_Task goal_. Could you write out, exactly as they stand, only the lines in the listing below from the line with "[광주=뉴시스] 이영주 기자" to the line with "Грабитель, унесший 1", both ends included, without the pictures?

_Exercise input_.
* * *
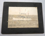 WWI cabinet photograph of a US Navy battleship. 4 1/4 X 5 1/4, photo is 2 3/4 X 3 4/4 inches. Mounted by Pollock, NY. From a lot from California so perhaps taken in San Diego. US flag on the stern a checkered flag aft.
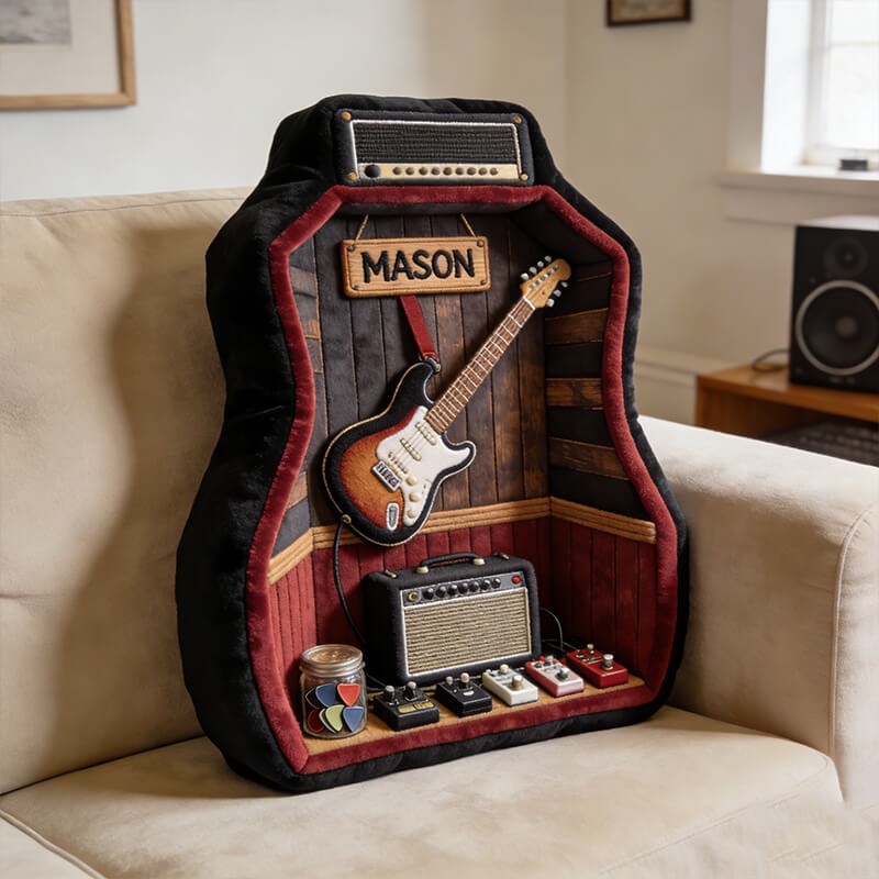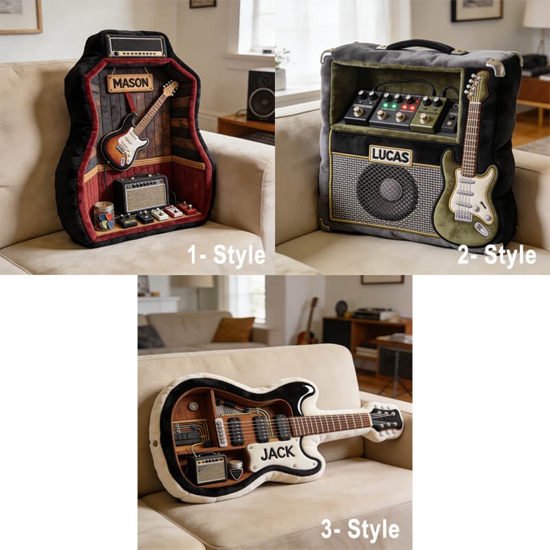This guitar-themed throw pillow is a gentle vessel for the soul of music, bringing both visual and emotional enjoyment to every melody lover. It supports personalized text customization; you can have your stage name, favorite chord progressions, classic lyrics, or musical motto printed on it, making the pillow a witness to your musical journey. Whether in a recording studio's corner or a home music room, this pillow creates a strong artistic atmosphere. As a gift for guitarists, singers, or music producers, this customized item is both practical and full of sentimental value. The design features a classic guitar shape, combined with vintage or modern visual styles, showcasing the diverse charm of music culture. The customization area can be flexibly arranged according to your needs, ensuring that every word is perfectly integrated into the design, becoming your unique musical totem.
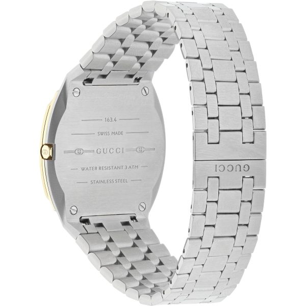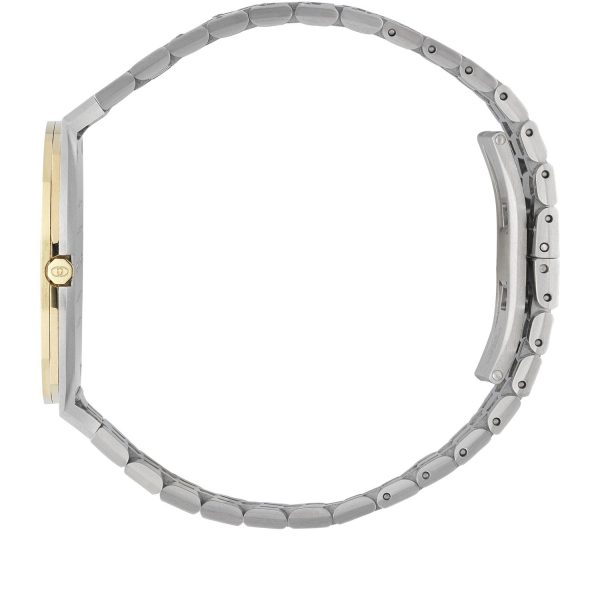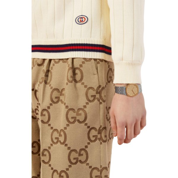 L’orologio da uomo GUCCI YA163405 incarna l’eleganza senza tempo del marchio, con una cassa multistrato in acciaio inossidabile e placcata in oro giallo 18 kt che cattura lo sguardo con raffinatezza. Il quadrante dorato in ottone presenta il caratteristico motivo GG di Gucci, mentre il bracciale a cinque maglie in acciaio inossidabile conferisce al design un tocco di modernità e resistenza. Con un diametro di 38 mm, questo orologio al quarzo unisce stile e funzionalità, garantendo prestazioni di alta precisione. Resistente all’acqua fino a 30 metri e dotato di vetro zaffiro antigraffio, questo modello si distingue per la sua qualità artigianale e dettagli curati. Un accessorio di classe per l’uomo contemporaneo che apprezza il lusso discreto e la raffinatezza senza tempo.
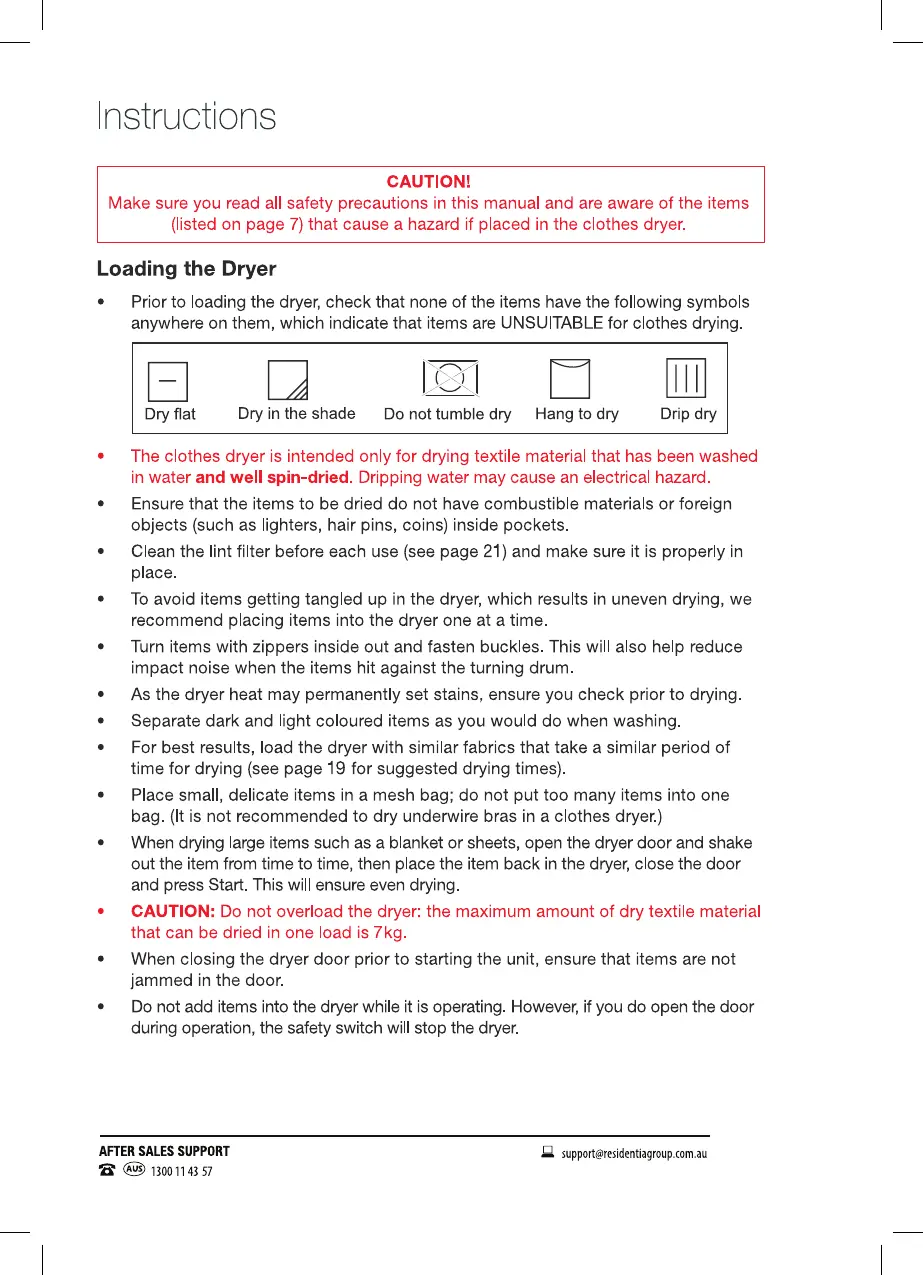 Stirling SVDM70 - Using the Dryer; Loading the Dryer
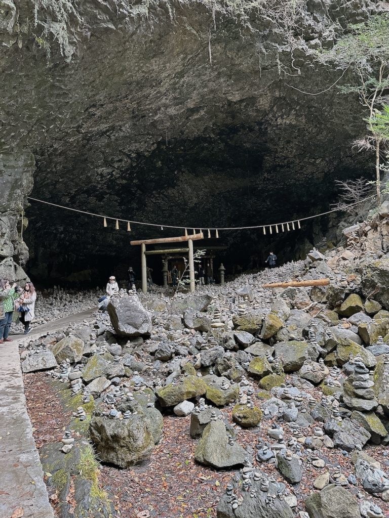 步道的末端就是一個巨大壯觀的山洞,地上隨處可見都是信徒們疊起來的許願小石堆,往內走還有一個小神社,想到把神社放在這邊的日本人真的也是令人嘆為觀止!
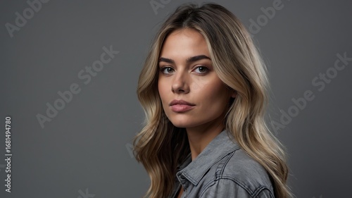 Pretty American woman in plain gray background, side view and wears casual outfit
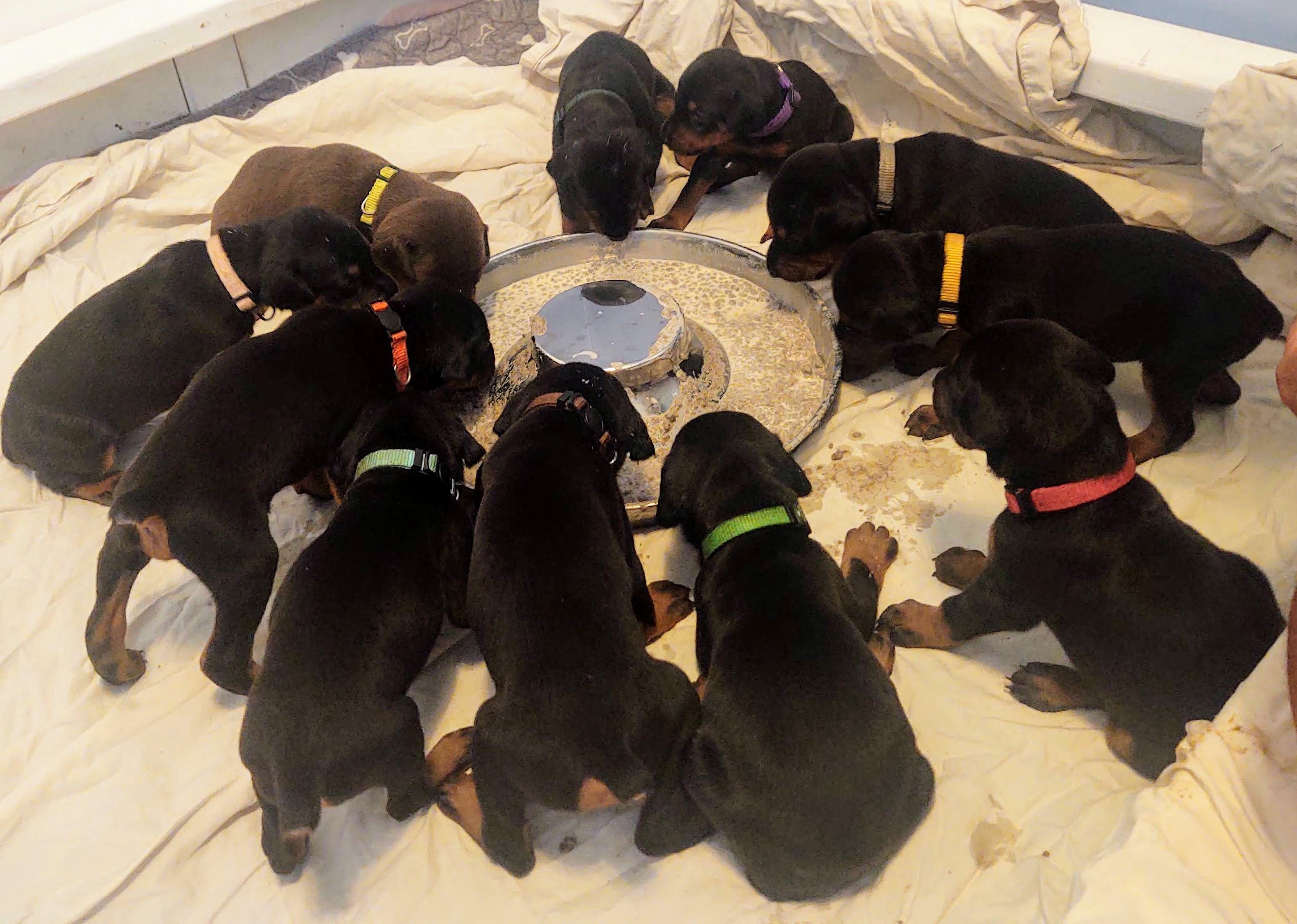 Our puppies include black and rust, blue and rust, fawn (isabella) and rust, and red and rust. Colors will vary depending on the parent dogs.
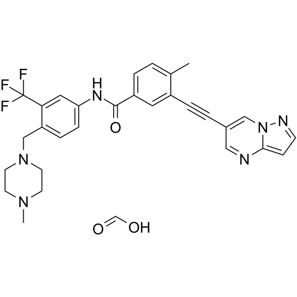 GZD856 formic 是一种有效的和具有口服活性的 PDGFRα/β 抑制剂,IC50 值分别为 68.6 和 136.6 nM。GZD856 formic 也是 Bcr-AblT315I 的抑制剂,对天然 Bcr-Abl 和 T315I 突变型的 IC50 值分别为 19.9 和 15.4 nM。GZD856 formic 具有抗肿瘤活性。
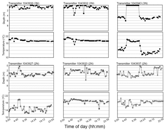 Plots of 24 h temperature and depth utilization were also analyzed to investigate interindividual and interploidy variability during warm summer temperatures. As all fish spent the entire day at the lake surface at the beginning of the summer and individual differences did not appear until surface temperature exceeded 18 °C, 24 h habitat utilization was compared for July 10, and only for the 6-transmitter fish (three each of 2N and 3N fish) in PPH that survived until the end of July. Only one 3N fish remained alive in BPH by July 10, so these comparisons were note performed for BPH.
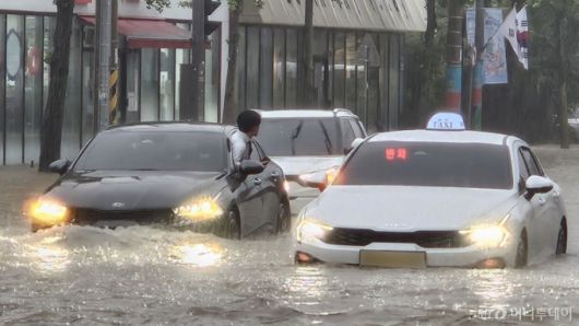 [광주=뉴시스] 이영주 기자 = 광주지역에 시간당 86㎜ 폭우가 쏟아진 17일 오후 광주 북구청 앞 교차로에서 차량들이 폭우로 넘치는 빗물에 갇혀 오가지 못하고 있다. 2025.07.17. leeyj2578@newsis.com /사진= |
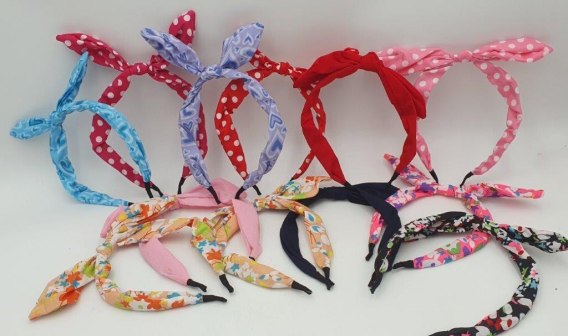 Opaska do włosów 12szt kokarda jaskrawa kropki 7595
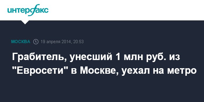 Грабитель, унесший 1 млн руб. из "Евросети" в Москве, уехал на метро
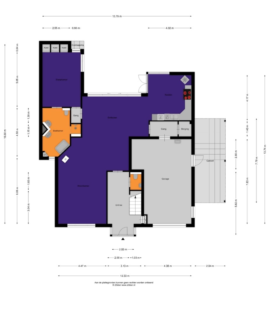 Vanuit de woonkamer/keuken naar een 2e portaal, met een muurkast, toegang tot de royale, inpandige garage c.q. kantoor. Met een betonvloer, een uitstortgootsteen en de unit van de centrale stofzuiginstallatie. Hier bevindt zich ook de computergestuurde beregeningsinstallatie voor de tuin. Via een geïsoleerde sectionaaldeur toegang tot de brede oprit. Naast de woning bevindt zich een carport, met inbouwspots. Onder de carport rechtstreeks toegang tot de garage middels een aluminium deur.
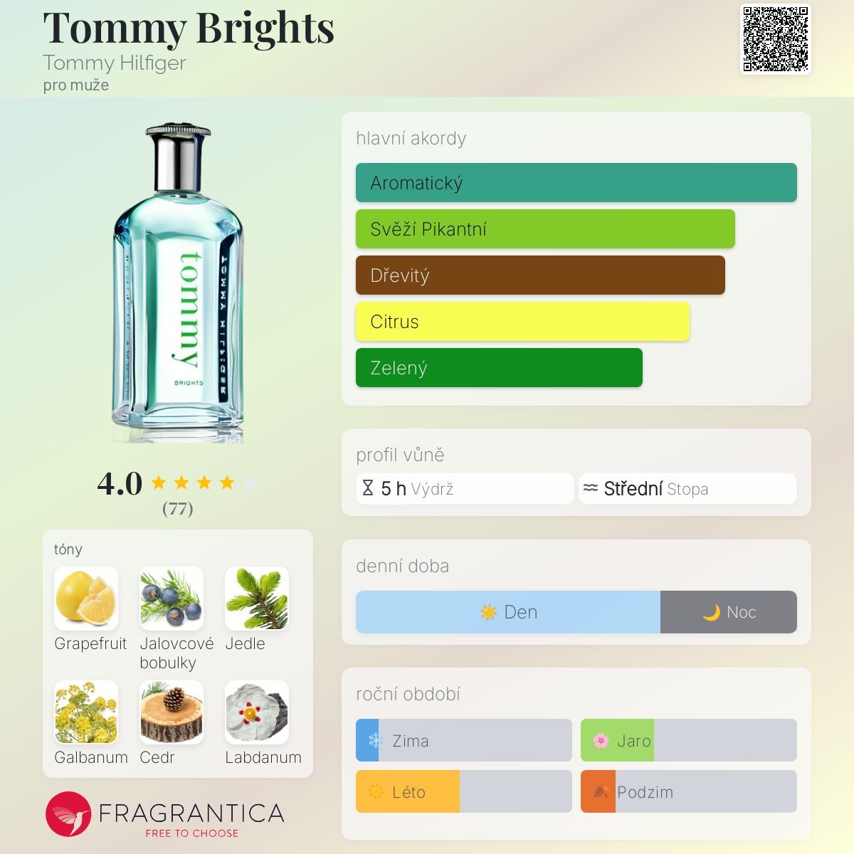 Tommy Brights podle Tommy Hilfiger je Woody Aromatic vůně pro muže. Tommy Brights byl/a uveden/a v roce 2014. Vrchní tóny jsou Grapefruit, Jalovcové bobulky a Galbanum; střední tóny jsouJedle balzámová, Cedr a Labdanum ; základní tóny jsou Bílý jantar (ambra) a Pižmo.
* * *
_Answer space_.
 [광주=뉴시스] 이영주 기자 = 광주지역에 시간당 86㎜ 폭우가 쏟아진 17일 오후 광주 북구청 앞 교차로에서 차량들이 폭우로 넘치는 빗물에 갇혀 오가지 못하고 있다. 2025.07.17. leeyj2578@newsis.com /사진= |
 Opaska do włosów 12szt kokarda jaskrawa kropki 7595
 Грабитель, унесший 1 млн руб. из "Евросети" в Москве, уехал на метро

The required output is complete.